Nandi is currently the President of Commission E4 of the International Astronomical Union, Co-coordinator of the ISWAT cluster on long-term solar activity predictions for the Committee on Space Research and a Co-Investigator of the Solar Ultraviolet Imaging Telescope (SUIT) onboard India's maiden solar space observatory Aditya-L1. Previously, he was Vice Chair of the COSPAR Space Weather Panel and Chairperson of the Public Outreach and Education Committee of the Astronomical Society of India. He has led the Aditya-L1 Space Weather Monitoring and Predictions Planning Committee for ISRO and the drafting of India's solar and heliospheric physics decadal vision document. He was also an expert member contributor to India's Megascience Vision Document 2035 on Astronomy and Astrophysics for the Office of Principal Scientific Adviser to the Government of India.

== Scientific Contributions ==
Nandi’s research focuses on the intersection of fundamental physics of solar activity, space weather and its applications for protection of space-reliant technologies.
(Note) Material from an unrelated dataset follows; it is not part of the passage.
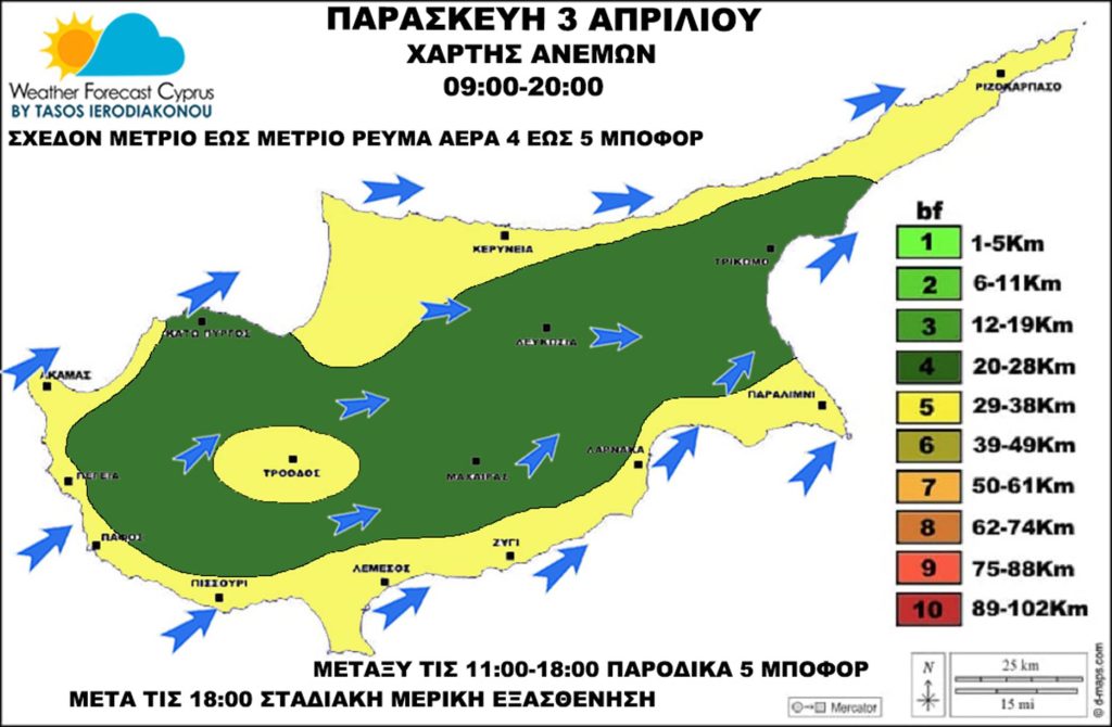 Δυτικό-Νοτιοδυτικό ρεύμα αέρα σχεδόν μέτριο έως μέτριο ρεύμα αέρα 4 έως 5 μποφόρ. Μεταξύ των ωρών 11:00-18:00 παροδικά έως 5 μποφόρ ενώ μετά τις 18:00 αναμένεται σταδιακή μερική εξασθένηση. Βραδινές ώρες Δυτικό-Νοτιοδυτικό το πεδίο ανέμων ασθενές 2 έως 3 μποφόρ μέσα στο νησί αλλά στα παράκτια-παράλια τμήματα έως σχεδόν μέτριο στα 4 μποφόρ παροδικά.

Specifically, his most significant contributions have been on the magnetohydrodynamic (MHD) dynamo mechanism of stars, solar activity fluctuations, influence of stellar magnetism on planetary and exoplanetary environments, predictability of non-linear MHD systems and the development of computational models for space weather forecasting.

==Awards and recognition==
Dibyendu Nandi was the 2012 recipient of the Karen Harvey Prize of the American Astronomical Society for significant contributions to the study of the Sun early in a person’s professional career This was the first time that a space scientist working in the Asia-Pacific region received this honour. He was conferred the Modali Award of the Astronomical Society of India for notable and outstanding research contributions in astronomy, astrophysics and planetary sciences, the Peraiah Foundation Lectureship for exceptional contributions to theoretical astrophysics awarded to scientists below the age of 50 working in India, and the Young Career Prize of the Asia Pacific Solar Physics Society awarded to solar physicists from the Asia-Pacific region. Earlier, he had received a Eugene Parker Lectureship of the American Astronomical Society and the Martin Forster Gold Medal awarded for the best PhD thesis of the Division of Physical and Mathematical Sciences of the Indian Institute of Science.